SOURCE RECORDS>

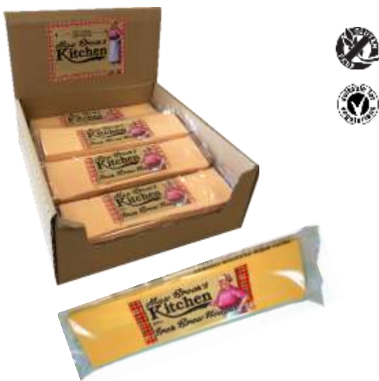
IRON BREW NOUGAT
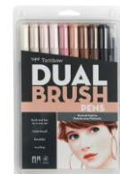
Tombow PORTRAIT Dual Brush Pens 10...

--

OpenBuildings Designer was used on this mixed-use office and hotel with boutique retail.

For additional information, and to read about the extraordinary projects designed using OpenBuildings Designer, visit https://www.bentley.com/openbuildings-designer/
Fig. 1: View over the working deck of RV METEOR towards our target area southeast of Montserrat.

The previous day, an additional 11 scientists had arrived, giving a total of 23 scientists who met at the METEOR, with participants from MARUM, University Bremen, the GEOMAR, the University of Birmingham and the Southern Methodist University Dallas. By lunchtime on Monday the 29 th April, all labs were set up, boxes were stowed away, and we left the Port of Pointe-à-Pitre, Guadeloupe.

TASK REQUIREMENTS>
Whenever a line above includes the string "with", copy it.

SOLUTION>
OpenBuildings Designer was used on this mixed-use office and hotel with boutique retail.
The previous day, an additional 11 scientists had arrived, giving a total of 23 scientists who met at the METEOR, with participants from MARUM, University Bremen, the GEOMAR, the University of Birmingham and the Southern Methodist University Dallas. By lunchtime on Monday the 29 th April, all labs were set up, boxes were stowed away, and we left the Port of Pointe-à-Pitre, Guadeloupe.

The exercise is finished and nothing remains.